→ Exercise details
Output the lines of the records below exactly, beginning at their first line and ending at the line with "Istállóban várakozó tehenek a Földlakók ban."; include no pictures.

Dataset entries:
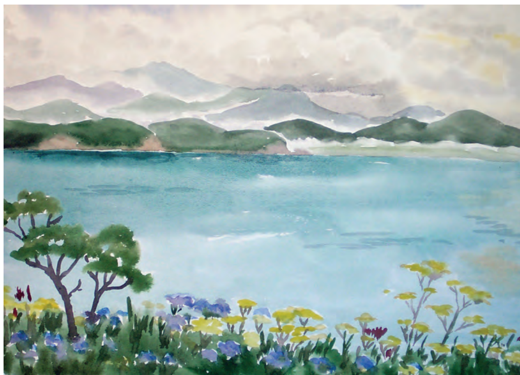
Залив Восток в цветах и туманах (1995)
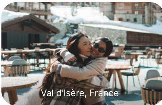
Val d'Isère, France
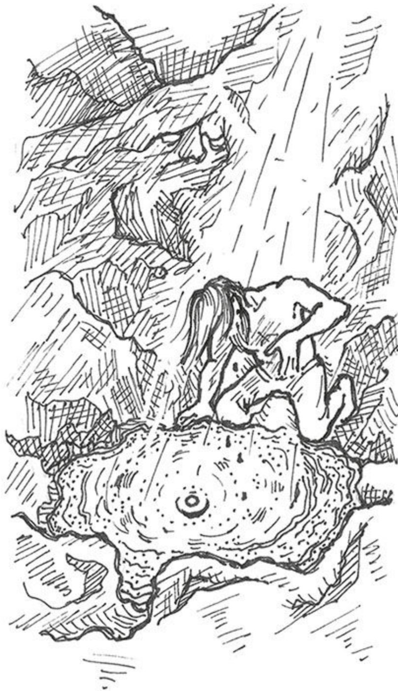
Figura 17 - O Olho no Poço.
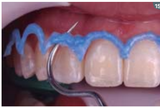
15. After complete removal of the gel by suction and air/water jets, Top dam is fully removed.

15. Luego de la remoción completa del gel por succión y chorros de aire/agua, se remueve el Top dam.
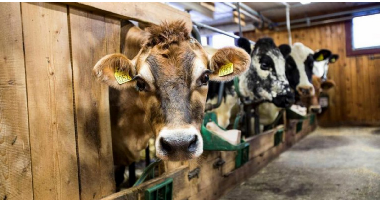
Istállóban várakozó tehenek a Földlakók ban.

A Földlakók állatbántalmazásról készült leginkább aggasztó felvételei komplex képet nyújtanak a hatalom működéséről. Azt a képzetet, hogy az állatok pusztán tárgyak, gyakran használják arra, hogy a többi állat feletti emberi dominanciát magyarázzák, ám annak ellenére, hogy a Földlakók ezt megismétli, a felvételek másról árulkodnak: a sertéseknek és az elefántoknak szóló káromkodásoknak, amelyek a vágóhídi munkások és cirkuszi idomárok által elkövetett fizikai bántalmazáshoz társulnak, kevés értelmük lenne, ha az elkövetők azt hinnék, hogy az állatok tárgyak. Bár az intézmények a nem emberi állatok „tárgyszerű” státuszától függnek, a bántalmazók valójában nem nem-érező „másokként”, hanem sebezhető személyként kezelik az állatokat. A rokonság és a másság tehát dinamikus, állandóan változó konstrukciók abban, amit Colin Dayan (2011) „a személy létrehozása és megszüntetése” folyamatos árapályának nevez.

→ The completed task
Залив Восток в цветах и туманах (1995)
Val d'Isère, France
Figura 17 - O Olho no Poço.
15. After complete removal of the gel by suction and air/water jets, Top dam is fully removed.

15. Luego de la remoción completa del gel por succión y chorros de aire/agua, se remueve el Top dam.
Istállóban várakozó tehenek a Földlakók ban.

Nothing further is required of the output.